SUPPLIED DATA:
________________________

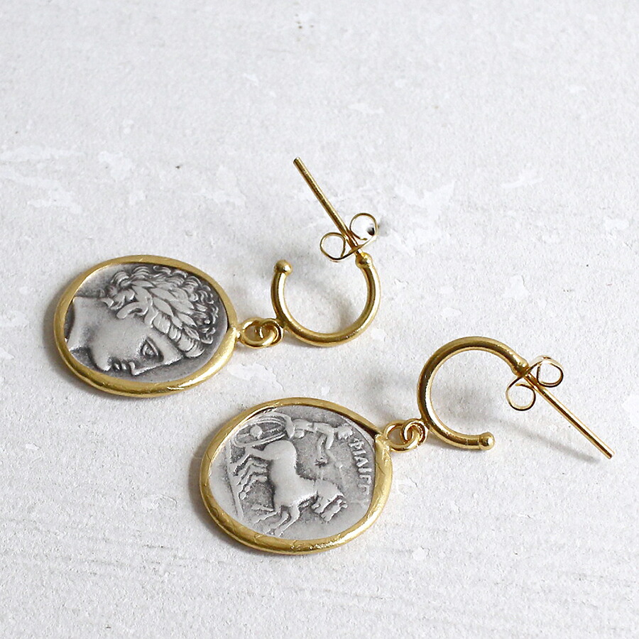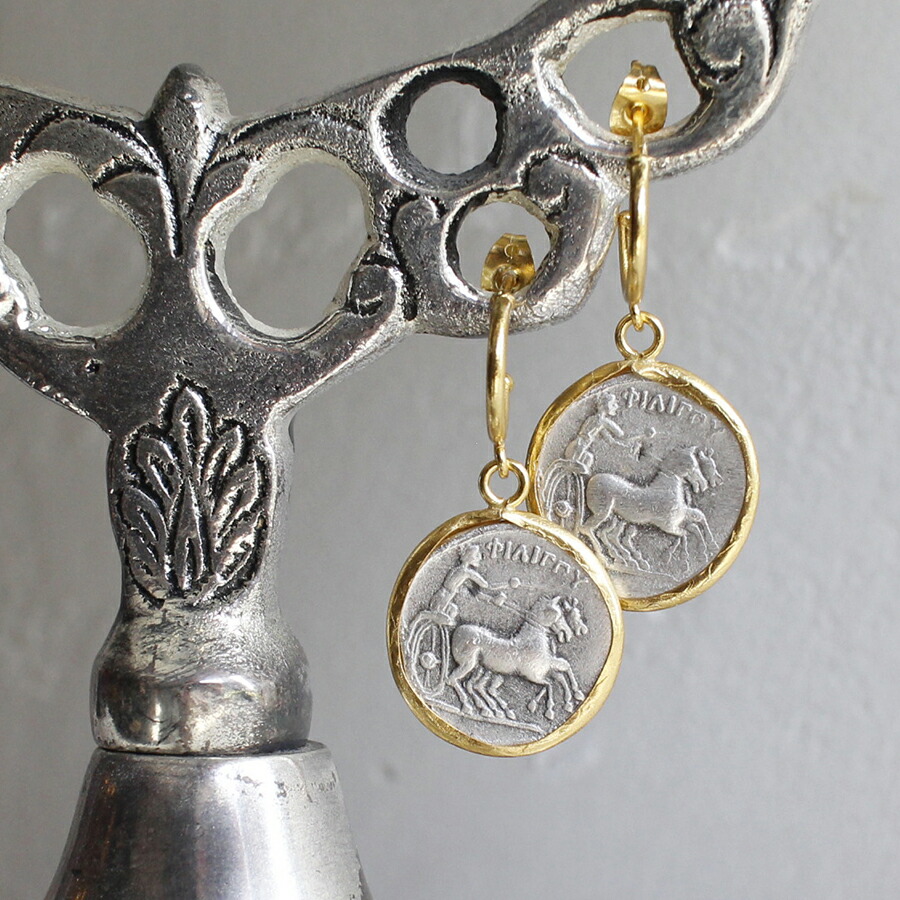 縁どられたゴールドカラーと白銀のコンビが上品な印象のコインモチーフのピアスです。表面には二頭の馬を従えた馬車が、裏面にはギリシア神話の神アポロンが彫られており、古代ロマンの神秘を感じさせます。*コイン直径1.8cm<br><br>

________________________

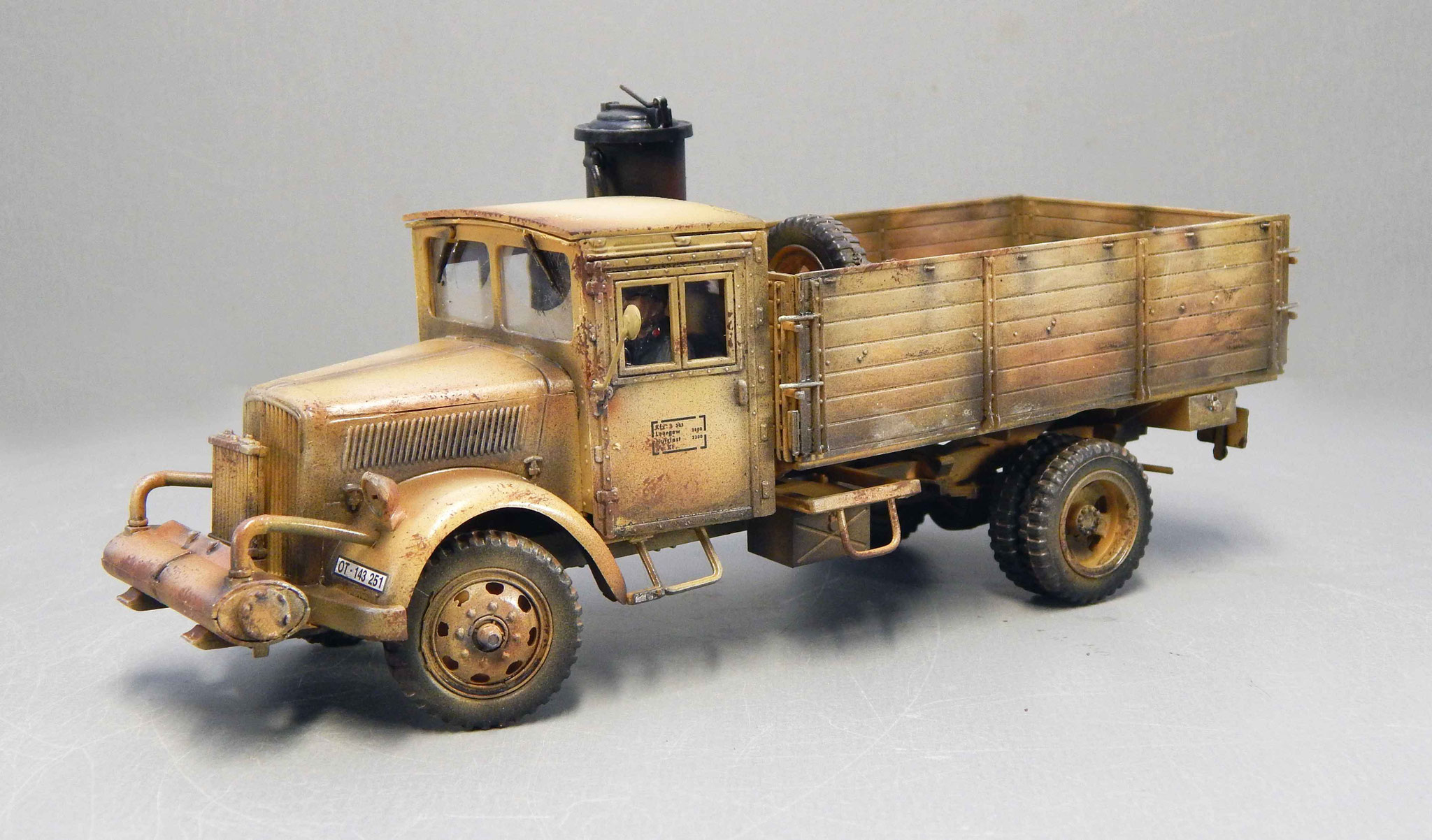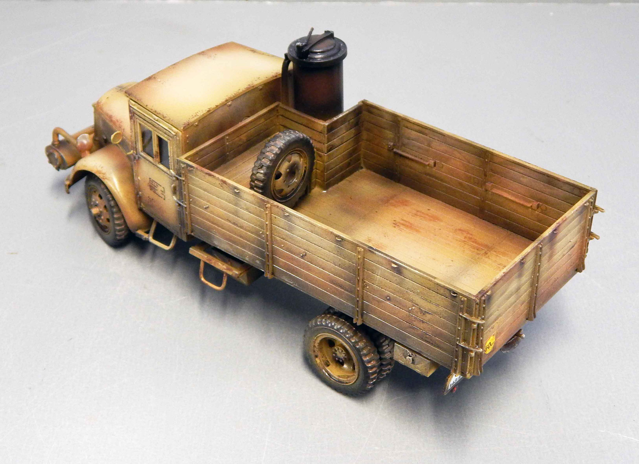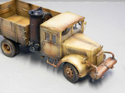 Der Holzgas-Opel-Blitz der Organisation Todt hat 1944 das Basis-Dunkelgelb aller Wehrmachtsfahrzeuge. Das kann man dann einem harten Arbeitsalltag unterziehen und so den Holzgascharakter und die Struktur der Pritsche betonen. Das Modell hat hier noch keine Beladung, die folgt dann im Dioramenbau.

________________________

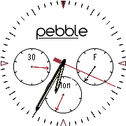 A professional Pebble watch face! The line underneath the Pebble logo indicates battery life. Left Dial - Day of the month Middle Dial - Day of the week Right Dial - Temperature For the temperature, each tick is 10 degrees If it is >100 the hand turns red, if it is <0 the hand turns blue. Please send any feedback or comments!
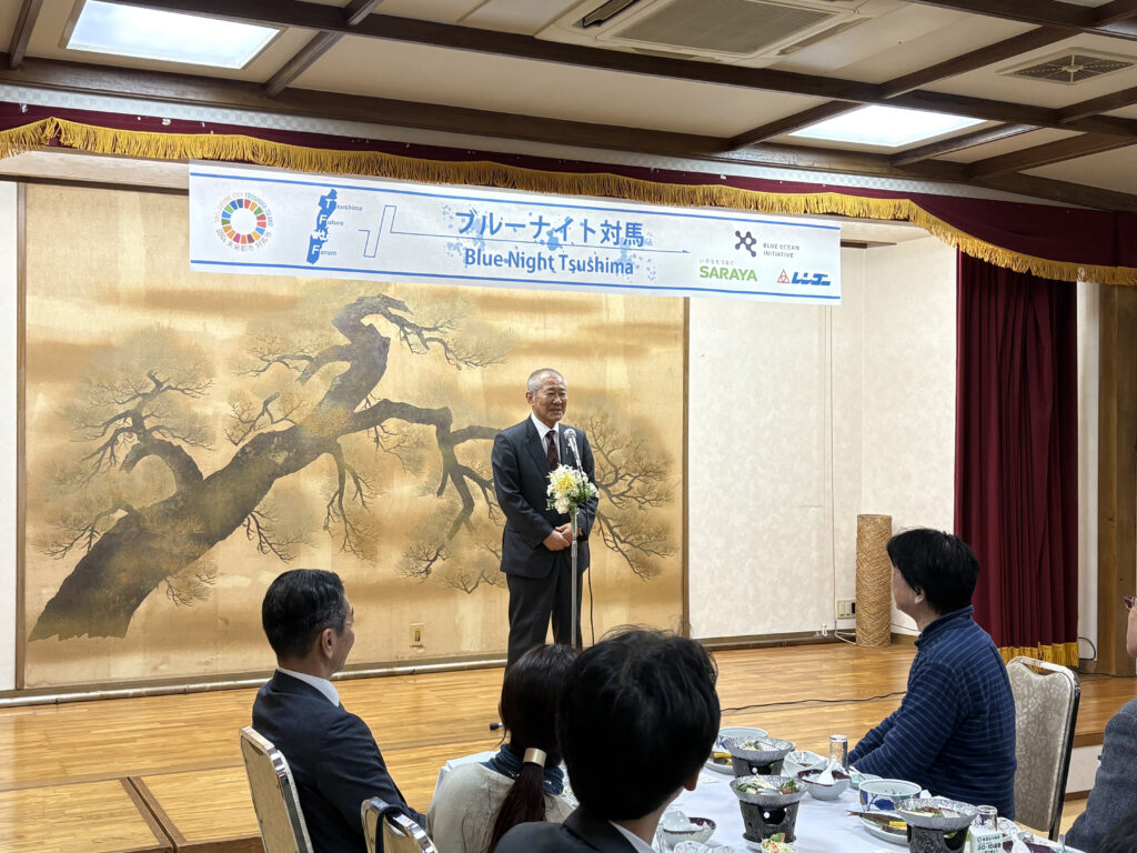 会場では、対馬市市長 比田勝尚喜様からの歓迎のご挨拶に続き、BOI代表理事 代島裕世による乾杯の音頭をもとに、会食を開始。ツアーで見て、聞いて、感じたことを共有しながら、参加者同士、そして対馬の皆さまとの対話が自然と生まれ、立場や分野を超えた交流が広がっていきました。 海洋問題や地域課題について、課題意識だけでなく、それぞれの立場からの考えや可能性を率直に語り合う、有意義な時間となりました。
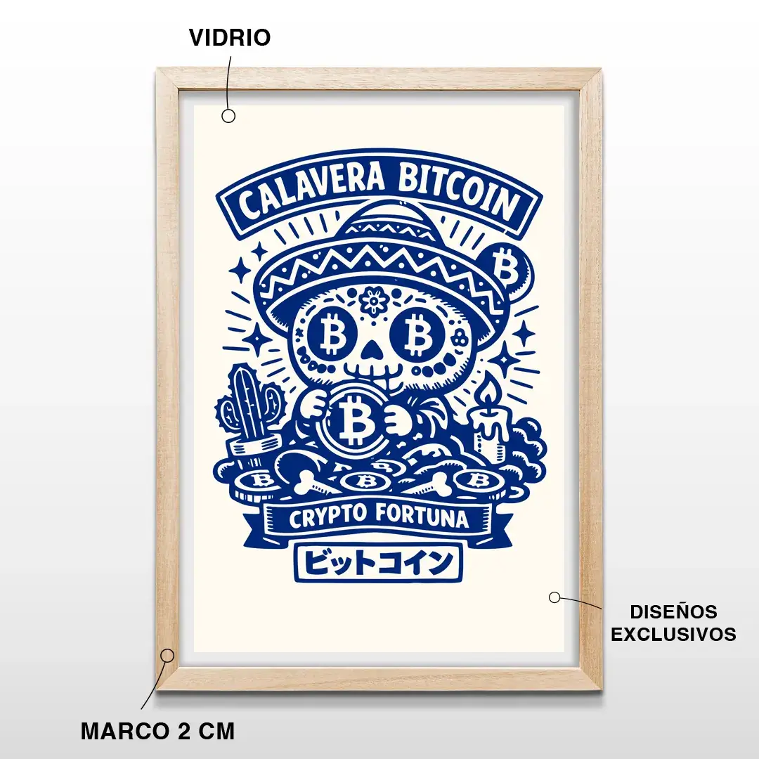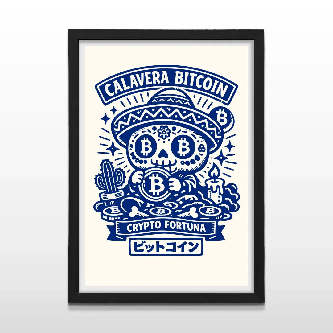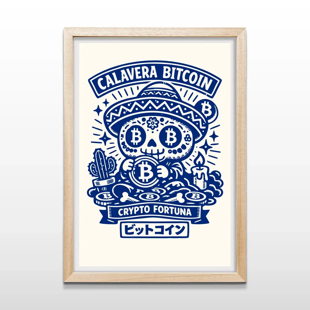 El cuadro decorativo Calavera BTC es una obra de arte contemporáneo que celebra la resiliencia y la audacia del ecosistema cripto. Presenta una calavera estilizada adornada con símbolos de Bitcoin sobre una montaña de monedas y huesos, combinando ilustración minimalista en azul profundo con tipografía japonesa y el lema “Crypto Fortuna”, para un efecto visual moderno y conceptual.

________________________

WHAT YOU WILL DO: In the listing above, find the line containing "A professional Pebble" and the line containing "El cuadro decorativo"; print those lines and every line between them exactly, leaving out pictures.

RESULT OF THE TASK:
 A professional Pebble watch face! The line underneath the Pebble logo indicates battery life. Left Dial - Day of the month Middle Dial - Day of the week Right Dial - Temperature For the temperature, each tick is 10 degrees If it is >100 the hand turns red, if it is <0 the hand turns blue. Please send any feedback or comments!
 会場では、対馬市市長 比田勝尚喜様からの歓迎のご挨拶に続き、BOI代表理事 代島裕世による乾杯の音頭をもとに、会食を開始。ツアーで見て、聞いて、感じたことを共有しながら、参加者同士、そして対馬の皆さまとの対話が自然と生まれ、立場や分野を超えた交流が広がっていきました。 海洋問題や地域課題について、課題意識だけでなく、それぞれの立場からの考えや可能性を率直に語り合う、有意義な時間となりました。
 El cuadro decorativo Calavera BTC es una obra de arte contemporáneo que celebra la resiliencia y la audacia del ecosistema cripto. Presenta una calavera estilizada adornada con símbolos de Bitcoin sobre una montaña de monedas y huesos, combinando ilustración minimalista en azul profundo con tipografía japonesa y el lema “Crypto Fortuna”, para un efecto visual moderno y conceptual.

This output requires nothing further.